Nightmare before Christmas 

SleeperHorse brings comfort and joy down from Denver

click to enlarge Horse d'oeuvre: One of the hardest working outfits in Denver. No, really.
  • Horse d'oeuvre: One of the hardest working outfits in Denver. No, really.

SleeperHorse hasn't exactly been prolific in the studio so far, the band's released just one split single, with Cleveland punk drunks Echoes of Harpers Ferry. But the two-year-old Denver foursome has definitely earned a reputation for incendiary live shows. Westword called SleeperHorse one of the "hardest working outfits in town," proclaiming its shows "a joy to experience," while Denver Post critic Ricardo Baca says their music reminds him of "'80s punk in a really beautiful way."

And it's true: For those who remember "college rock" stalwarts like the Replacements and the Service, SleeperHorse's music should come as a welcome shot in the arm.

But Josh Friedman, who shares vocal and guitar duties with former Blackout Pact frontman Mike Herrera, cites a whole different set of influences. Among the less expected is Thin Lizzy, whose 1976 arena-rock anthem "Jailbreak" was covered by the band and is available as a download with purchase of the aforementioned single.

"Thin Lizzy are totally badass, and we could never sound like them," he says. "Of course, Hot Water Music, I feel, is kind of like the template for everything we do. But we've taken that basic template and added things which are a bit more jangly indie rock, like Built to Spill and Modest Mouse."

Friedman credits the jangly influence to Herrera (who's also an alleged Tom Waits fan), whereas he himself is more into Q and Not U, the D.C. Dischord band that dared to use synthesizers, as well as "dancier stuff like Moving Units and Bloc Party."

After promising Internet fans a full album by year's end, the band is now looking to release its full-length debut, Indulge, in early 2009.

"If there's anything consistent about this band," Friedman says, "it's that we're always going to be late."

Although Friedman professes love for his day job at Denver's Suburban Home Records (as well as for his boss, label founder Virgil Dickerson), the group is looking elsewhere when it comes to releasing the album.

"We're talking to a couple different people," he says. "But I can tell you that we won't be on Suburban Home, because Virgil is a mean old man and he doesn't like our music."

Somewhat more seriously (we presume), Friedman points out that the label he hopes to continue working for has "taken more of a country turn" in the last few years, though he suspects Dickerson will still distribute the album, as he did the split single.

Friedman's not the only, um, industry insider in SleeperHorse.
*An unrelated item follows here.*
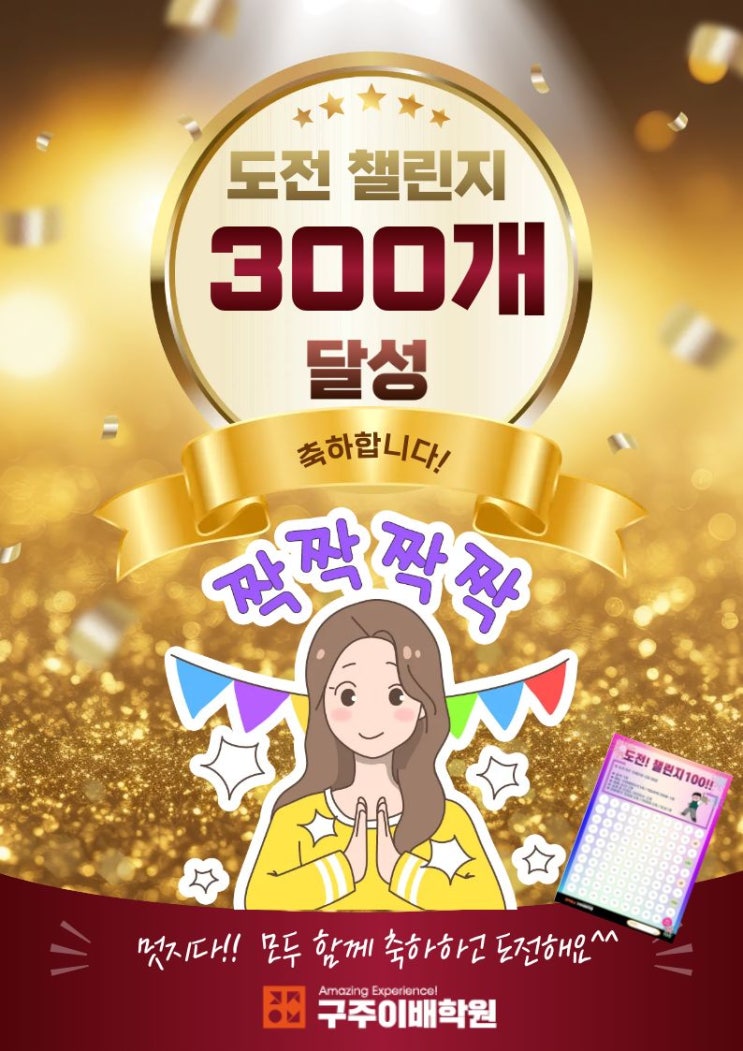 안녕하세요! 구주이배학원입니다. 우리 구주이배 초등 친구들을 위한 칭찬도장《도전! 챌린지100》이 진행중 입니다. (혹시~ 아직 도전 챌린지 관련해서 모르시는 분들은 아래 링크 클릭!!) ↓ https://blog.naver.com/ggoojoo/223722674854 이렇게 우리 학생들의 학습 능력 향상을 위한 도전 챌린지 이벤트도 진행중인데요~ 지금까지 100,200 달성자 까지 나왔는데 드디어 이번에 첫!! 300개 달성자가 나왔습니다!! 저희는 도장을 모을때마다 100개 단위로 정말 푸짐한 상품이 준비 되어있는데요~ 이번 300개 달성은 과연 어떤 선물이 나갈지, 후기까지 함께 기대해주세요! ✨ <img src="https://blogthumb.pstatic.net/MjAyNTEyMTJfMjkw/MDAxNzY1NTIzMzE5Mjg0.2GvGYkimAw1dKmmIYAqo4UoxZltq0tm_Y1YY_xyIX_kg.sgF9P8Ap0nlvYrGtBcM-ZswGntk-2EteX2rlij2YP6gg.JPEG/%B5%B5%C3%B5_%C3%A7%B8%B0%C1%F6_300_%BA%ED%B7%CE%B1%D7.jpg?type=s3" />
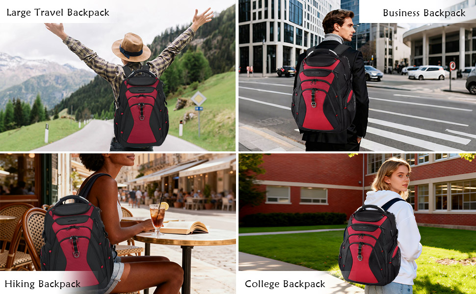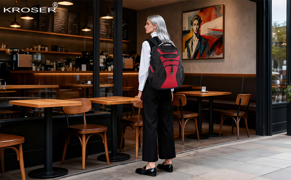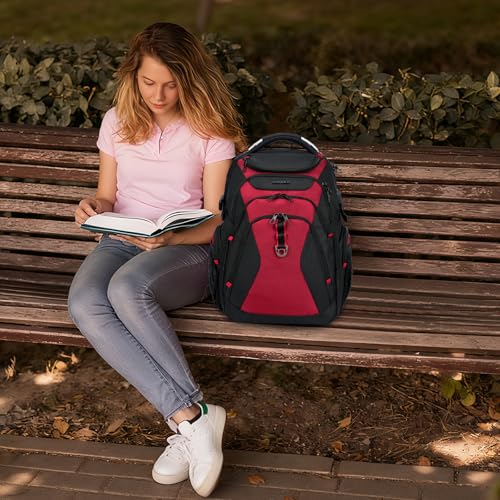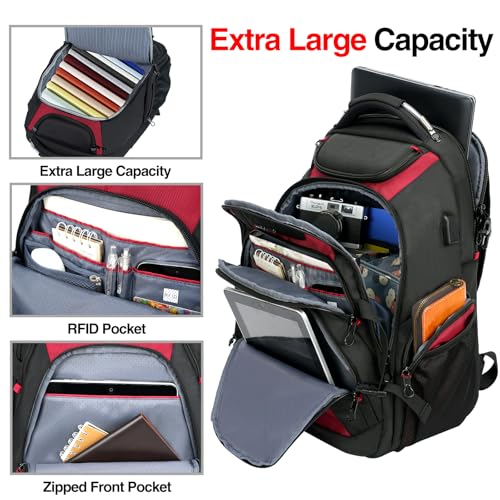 KROSER Travel Laptop Backpack 17.3 Inch XL Computer Backpack with Hard Shell Saferoom RFID Pockets Water-Repellent Business College Daypack Stylish Bag for Men/Women-Black Red

Bassist Matt Clark manages Sputnik, the bar adjacent to Denver's hi-dive. With that kind of pull, it's only a matter of time before SleeperHorse makes it big.

"Actually, that's the only reason we get any gigs or press at all," says Friedman with a laugh. "It's not because our band is any good. It's more like, 'Well, we can't piss these guys off, so we'll put 'em on or we'll never work in this town again.' We can ruin you."

That said, only one truly important question remains. Has anyone in SleeperHorse actually slept with a horse?

"No, not yet," says Friedman, before stopping to reflect. "Although Mike, I'm not sure about."